Pardon my ignorance... but why not ski in the snow?


----------



## scrublover (Dec 30, 2003)

D.I.S.C.O said:


> Pardon my ignorance... but why not ski in the snow?


1. Sometimes, not enough snow locally, unless you want to trash your skis.

2. I'd rather ride my bike. If just too damn much, a run, or snowshoe in the snow.


----------



## sambs827 (Dec 8, 2008)

Scrublover-- that's a sweet lookin' hartail hitting a sweet lookin' drop! Cheers!


----------



## KRob (Jan 13, 2004)

I've got too many of these this winter. But I don't ski, so what do yo do?


----------



## perttime (Aug 26, 2005)

D.I.S.C.O said:


> Pardon my ignorance... but why not ski in the snow?


Snow trails can be great fun when the conditions are right. Skiing is a sort of a backup for me, for the times when trails are not in ridable shape.


----------



## Bikeabout (Nov 27, 2007)

sgltrak said:


> A few


Sweet on the classic Marin singlespeed conversion! Looks a lot like mine! And you're still rockin' the cantis! I use mine for all-terrain commuting. Geared a bit high for the local trails. Great to see another one out there and still grinding away.

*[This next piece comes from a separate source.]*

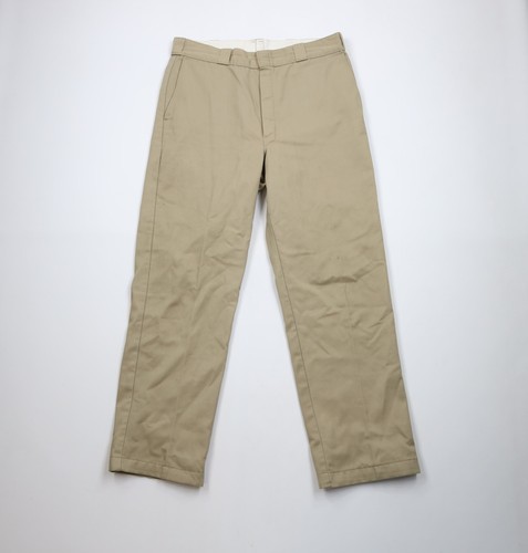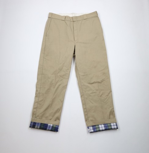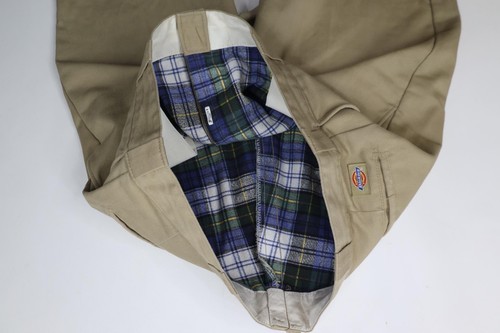 Vtg 90s Dickies Mens 36x32 Distressed Flannel Lined Wide Leg Work Pants Beige

Oh, and a bike in snow pic.

--Greg


----------



## Straz85 (Mar 20, 2009)




----------



## freddie53 (Jul 16, 2009)

What a bunch of whack jobs! Love it!!


----------



## sgltrak (Feb 19, 2005)

Bikeabout said:


> Sweet on the classic Marin singlespeed conversion! Looks a lot like mine! And you're still rockin' the cantis! I use mine for all-terrain commuting. Geared a bit high for the local trails. Great to see another one out there and still grinding away.
> 
> Oh, and a bike in snow pic.
> 
> --Greg


Thanks Greg. 1995 Marin Team built from spare parts lying around the garage. Those 1st generation XTR cantis still stop well when set up right. I ride geared mostly, but the 36 x 18 on this thing gets me most anywhere on the front range without too much walking.


----------



## thefriar (Jan 23, 2008)

Jisch, great meeting you this weekend. Where's that first pic from if you don't mind me asking... looks like a frozen pond?


----------



## Seaview (Apr 30, 2006)

*keep on send pictures*

these pictures are greats !!!!!!


----------



## BOAB (Sep 11, 2008)

the one time snow in MS


----------



## Bikeabout (Nov 27, 2007)

sgltrak said:


> Thanks Greg. 1995 Marin Team built from spare parts lying around the garage. Those 1st generation XTR cantis still stop well when set up right. I ride geared mostly, but the 36 x 18 on this thing gets me most anywhere on the front range without too much walking.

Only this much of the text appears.